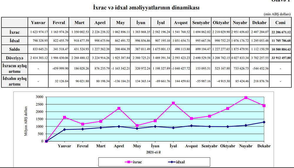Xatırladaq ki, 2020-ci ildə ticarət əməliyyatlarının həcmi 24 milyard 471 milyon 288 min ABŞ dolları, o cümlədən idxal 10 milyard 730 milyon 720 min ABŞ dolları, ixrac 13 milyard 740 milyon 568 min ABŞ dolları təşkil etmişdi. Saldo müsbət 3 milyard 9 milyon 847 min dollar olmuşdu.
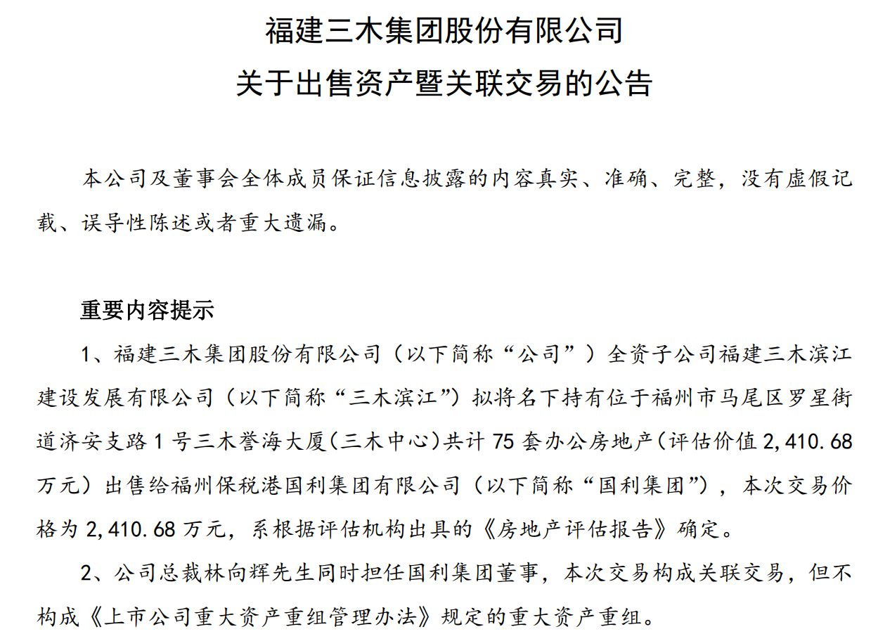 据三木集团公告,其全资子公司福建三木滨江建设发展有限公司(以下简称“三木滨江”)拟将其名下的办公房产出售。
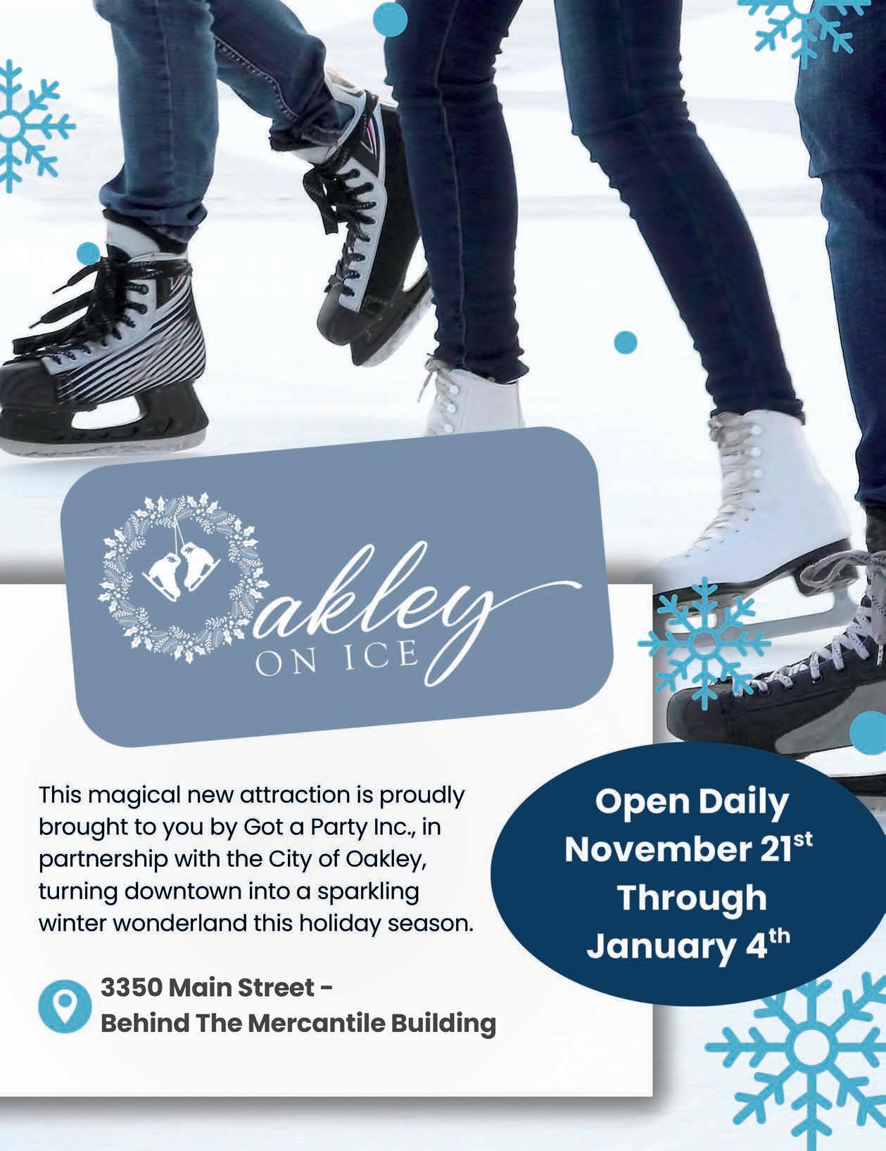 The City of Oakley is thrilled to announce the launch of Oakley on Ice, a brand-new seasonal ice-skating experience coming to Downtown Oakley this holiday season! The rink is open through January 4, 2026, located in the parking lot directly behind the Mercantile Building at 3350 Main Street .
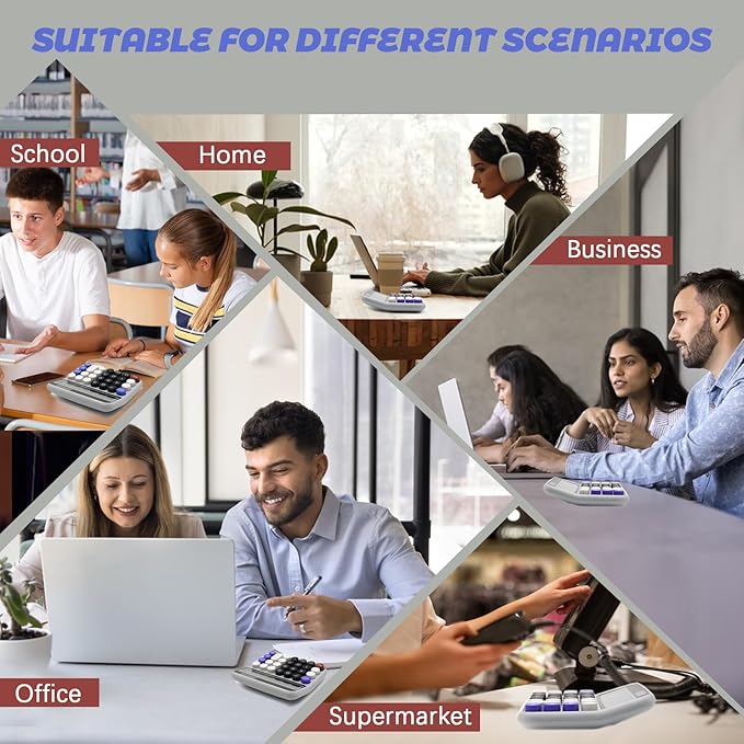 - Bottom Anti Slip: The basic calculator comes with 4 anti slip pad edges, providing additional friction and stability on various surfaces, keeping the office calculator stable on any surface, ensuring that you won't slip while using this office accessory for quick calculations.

WHAT YOU HAVE TO DO
Above this task is a listing with pictures in it. Retype only the lines from the one containing "据三木集团公告,其全资子公司" through the one containing "The City of", both included, and not the pictures.

RESULT FOR THIS TASK
 据三木集团公告,其全资子公司福建三木滨江建设发展有限公司(以下简称“三木滨江”)拟将其名下的办公房产出售。
 The City of Oakley is thrilled to announce the launch of Oakley on Ice, a brand-new seasonal ice-skating experience coming to Downtown Oakley this holiday season! The rink is open through January 4, 2026, located in the parking lot directly behind the Mercantile Building at 3350 Main Street .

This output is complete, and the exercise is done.